As a garage sale junkie myself I thought that I would share this experience with you. I have been to countless garage sales over many decades. I have entered basements chocked full of items where you had to enter at your own risk. They could have charged admission just to see the place. Today’s yard sale presented here ranks up with the best of them in terms of square yards of junk, junk and more junk. As it happens I know the seller of this sale. Not a friend of mine, but I know him from the neighborhood. The ultimate hoarder without question. Now at the end of his life it is time to sell. But his prices today were ridiculous and in keeping with his normal way of doing business. Now, I don’t try to chisel at yard sales. I like a good bargain like everyone else, but I also don’t mind paying a fair price. His prices were as high if not higher than they would be at a fashionable antique store. Lots of junk, in my opinion, lots of lookers but most folks just walked away. It will all wind up in multiple dumpsters soon enough. Email me at info@dispatchpressimages.com for more details.

Babylon Garage Sale“; Babylon, N. Y. (August 27, 2022)

Ohio (1948)

MEN OF OHIO

A photo like this, “Ohio (1948)“, comes along only rarely. We think that it is on an equal footing with photos taken by the some of the Farm Security Administration photographers during the Great Depression. This is an amateur photo that we were fortunate to acquire proving that great photos can be made by novice photographers.  All that is necessary is a keen eye and being in the right place at the right time.

North Babylon, N. Y. (August 20, 2022)

THE SWANS WHO CAME FOR BREAKFAST

This past Saturday morning I opened my front door to fetch the morning newspaper and was greeted by three swans. I am assuming that this was the mother swan and her two juvenile offspring although I was unable to determine the sex of any of them. We do live somewhat near a lake perhaps it is about 1/2 mile from our home. I have never seen swans on our lawn in the decades we have lived here. The swans were right at our front door as if they were our pets. If I had encouraged them I think that they would have come indoors, that is how tame they were. Beautiful birds with huge, black webbed feet. I gave them some bread to eat and they seemed satisfied as I guess that they were not afraid of humans and used to people feeding them. I took all of this as a sign of good luck, that somehow my family was blessed. All in all it was a pretty good day as it turned out. The swans moved away from the front door and stayed for a few hours.

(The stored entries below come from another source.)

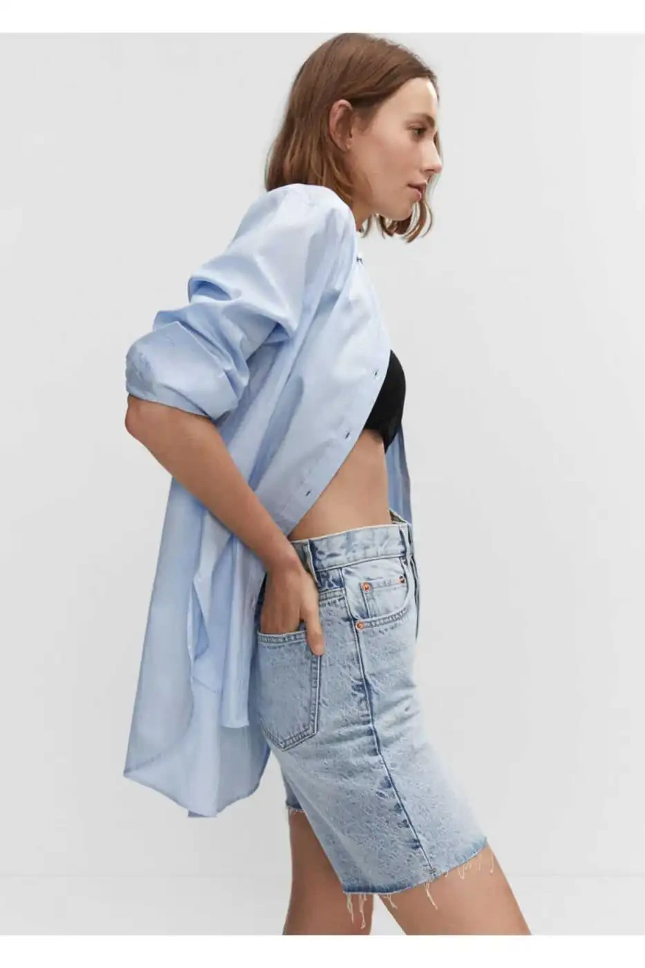 **Dekorativ Yirtilgan Denim Bermuda Shortilar** Bu o'ziga xos denim bermuda shortilar sizning garderobingizga sport va zamonaviy nafas kiritmoqqa tayyor. Mahsulotning tekis dizayni va baland beli sizga ham qulaylik, ham ham nafis ko'rinish beradi. **Xususiyatlari:** * 100% paxtadan tayyorlanganligi uni yumshoq va nafas oladigan qiladi. * Oyoq uzunligi 15,3 sm va yon tikuv uzunligi 51,9 sm. * Festival mavsumi uchun maxsus ishlab chiqilgan. * Katta o'lchamlarda mavjud. * Dekorativ yirtilgan detallar shortga moda ko'rinish beradi. * Qulay kiyish uchun kamar halqalari va beshta cho'ntagi bor. **Parvarish bo'yicha ko'rsatmalar:** * Mashinada 30°C gacha qisqa santrifüj bilan yuvilishi mumkin. * Oqartirgichlardan foydalanmang. * Eng ko'pi bilan 110°C da dazmollang. * Quruq tozalash qilinmaydi. * Quritgichda quritilmaydi. **Trendyolda ishonch bilan xarid qiling:** * Ushbu mahsulot Trendyol tomonidan yuboriladi. * Sizda 15 kunlik bepul qaytarish huquqingiz bor. * Ushbu mahsulotdan maksimal 10 dona buyurtma berilishi mumkin.
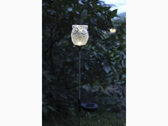Solcellspinne Howly – Glasuggla med varmvitt ljus (75 cm)
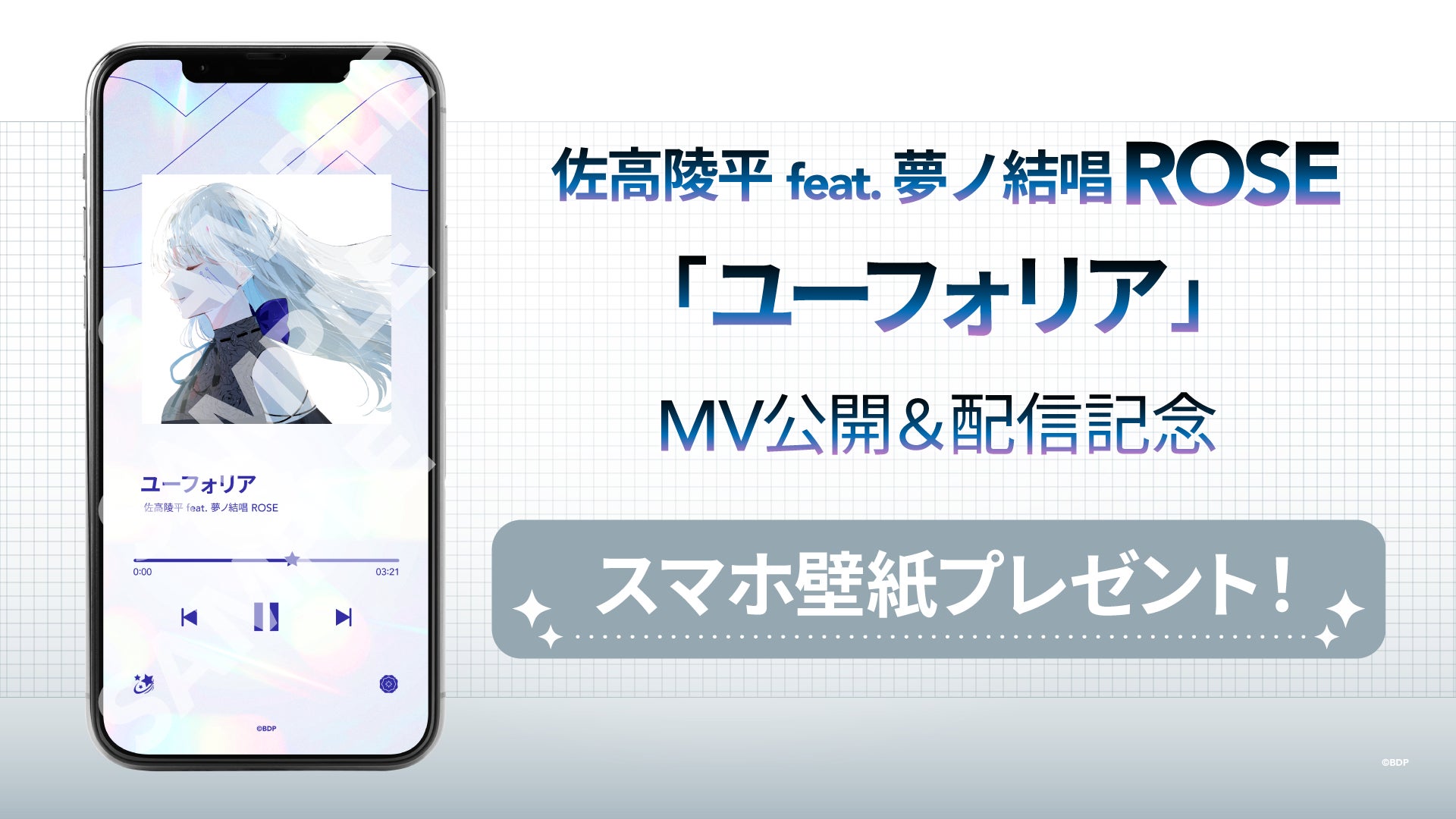 佐高陵平 feat. 夢ノ結唱 ROSE「ユーフォリア」のMV公開&各音楽配信サービスでの配信を記念して、スマホ壁紙を配布しています。

All that remained was to clean up their poop from my front lawn so as not to step in any of it. Maye not quite so lucky after all. Be kind to animals.

The Swans Who Came For Breakfast“; North Babylon, N. Y. (August 20, 2022)

From the Jewell Ridge Coal Corp. c.1934

COAL MINER’S SCRIP

Bondage! In the early part of the 20th century Appalachian coal miners were often paid in scrip or tokens not greenbacks which were only payable to the person issued on pay day and redeemable in goods purchased in the company store. This 50 cent token from the Jewell Ridge Coal Corp. based in Jewell Ridge, Virginia is but one example.

 

Coal Miner's Scrip From the Jewell Ridge Coal Corp.

Commack, N. Y. (July 19, 2022) 28mm, f/1.8, 1/40 sec.

PIANO MAN

This man could PLAY!! He appeared out of nowhere, sat down and began to play “America The Beautiful”. Just checking out this piano in a thrift store. But what is his story? I could have pictured him in another time and place almost anywhere with his talent. People just stopped in their tracks to listen. He could have played in Carnegie Hall. Perhaps New Orleans would have appreciated him in some supper club or any club, or in a honky tonk or juke joint. With his talent I hope that he was able to display his craft. Maybe in church? But wherever life took this man it would have been a shame to keep his talent hidden. I told him he could make money sitting in this thrift store, but he would not hear of it and then he just disappeared into the parking lot.